__Work required__
Transcribe exactly, and only, the lines that fall between the line containing "길이 어떻게 되어 있는지" and the last line of the material, both ends included, omitting any pictures.

__Data section__
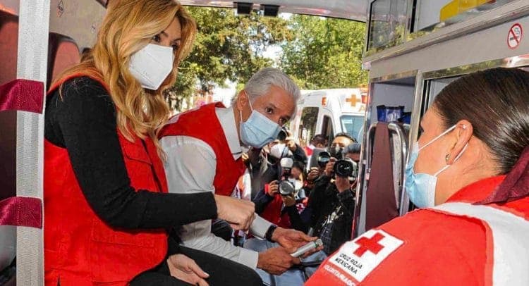 Ahí también se dio el banderazo de salida a nueve ambulancias totalmente equipadas que mejorarán la calidad de atención y el tiempo de respuesta a emergencias, y serán asignadas a delegaciones de la Cruz Roja estatal.
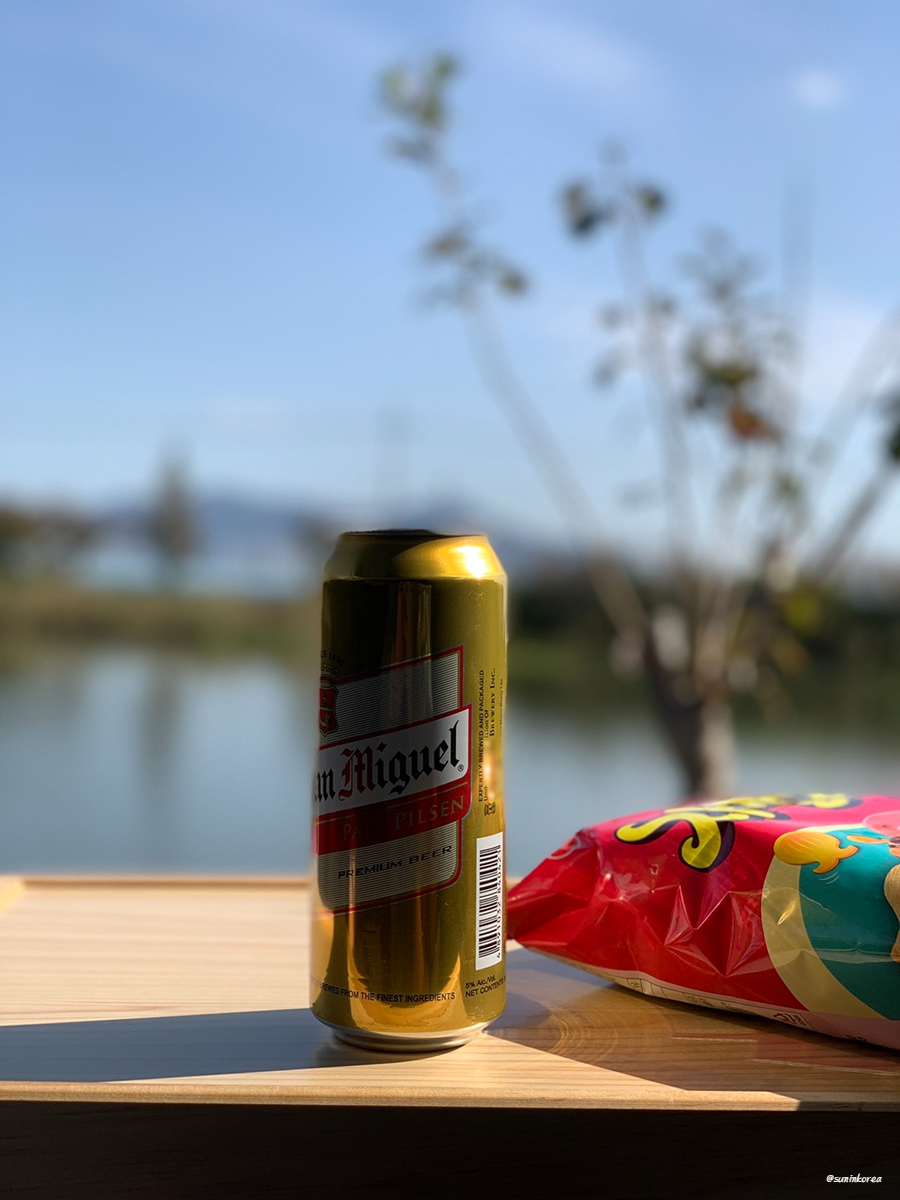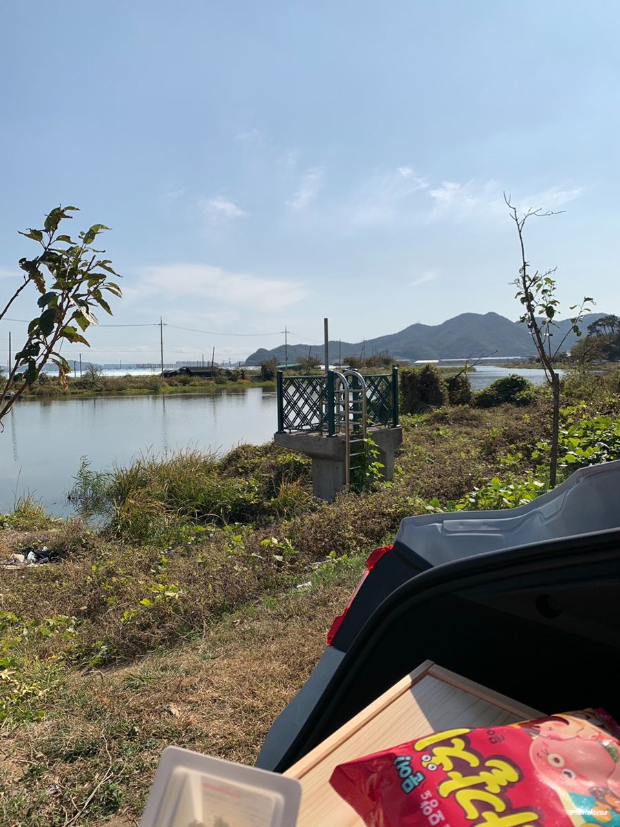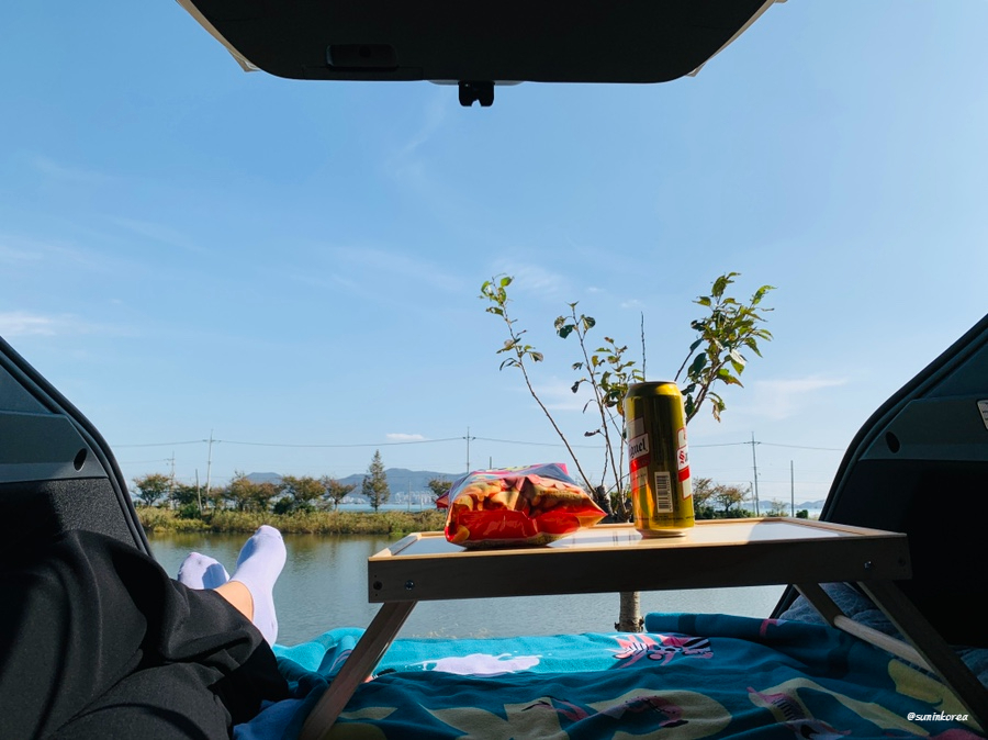 길이 어떻게 되어 있는지 몰라(길치다) 양방향 2차선 도로에서 차가 오지 않을 때 유턴을 해, 카페 주차장 쪽으로 들어가 차가 즐비해 있는 곳으로 향했다. 초행길이었기에 화장실 위치를 파악할 틈도 없이 빈 자리에 얼른 주차를 했다. 뒷좌석을 눕히고 세팅 후 토퍼를 깔고, 배게도 예쁘게 두고, 트렁크에 있는 탁자랑 릴렉스 체어도 꺼내고... 양말도 벗어 던지고 20일째 열심히 출근했던 나 자신을 기특하게 생각하며 산미구엘을 뜯었다. 후... 스트레스 꺼져!!! 그래 이게 행복이지, 행복이 별거 있나.
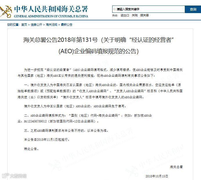 近日,海关总署发布《关于明确“经认证的经营者”(AEO)企业编码填报规范的公告》,境外收发货人填写又有新规定了,之前AEO编码填制要求与本公告不符的,以本公告为准。本公告自2018年11月1日起施行。
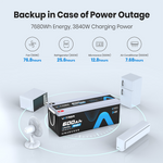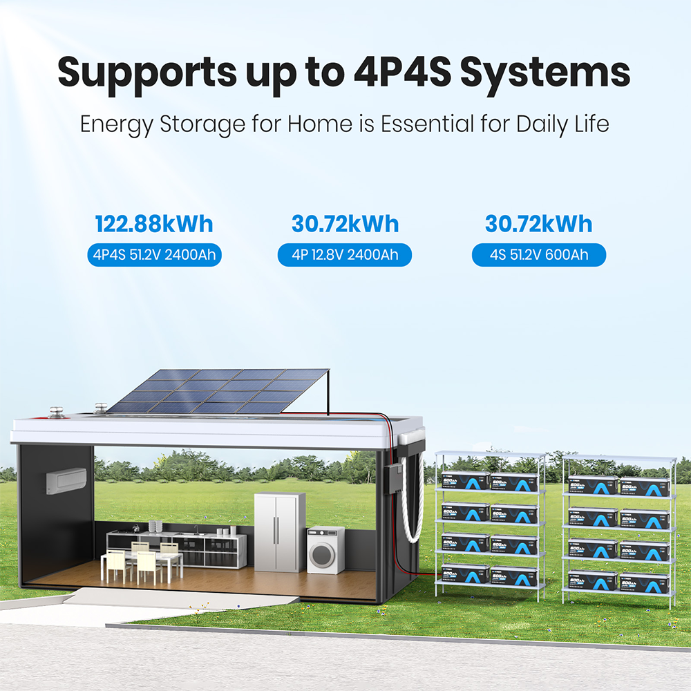 【Expandable Power Capacity】 Expand flexiblely from 7.68kWh to a maximum of 122.88kWh. With 16 identical 12V 600Ah Bluetooth batteries wired in 4P4S, you can easily upgrade your battery system to meet different power needs. Whether for RVs, home backup, or off-grid living, it offers power output from 3.84kW to 61.44kW for various appliances.

__Solution__
 길이 어떻게 되어 있는지 몰라(길치다) 양방향 2차선 도로에서 차가 오지 않을 때 유턴을 해, 카페 주차장 쪽으로 들어가 차가 즐비해 있는 곳으로 향했다. 초행길이었기에 화장실 위치를 파악할 틈도 없이 빈 자리에 얼른 주차를 했다. 뒷좌석을 눕히고 세팅 후 토퍼를 깔고, 배게도 예쁘게 두고, 트렁크에 있는 탁자랑 릴렉스 체어도 꺼내고... 양말도 벗어 던지고 20일째 열심히 출근했던 나 자신을 기특하게 생각하며 산미구엘을 뜯었다. 후... 스트레스 꺼져!!! 그래 이게 행복이지, 행복이 별거 있나.
 近日,海关总署发布《关于明确“经认证的经营者”(AEO)企业编码填报规范的公告》,境外收发货人填写又有新规定了,之前AEO编码填制要求与本公告不符的,以本公告为准。本公告自2018年11月1日起施行。
 【Expandable Power Capacity】 Expand flexiblely from 7.68kWh to a maximum of 122.88kWh. With 16 identical 12V 600Ah Bluetooth batteries wired in 4P4S, you can easily upgrade your battery system to meet different power needs. Whether for RVs, home backup, or off-grid living, it offers power output from 3.84kW to 61.44kW for various appliances.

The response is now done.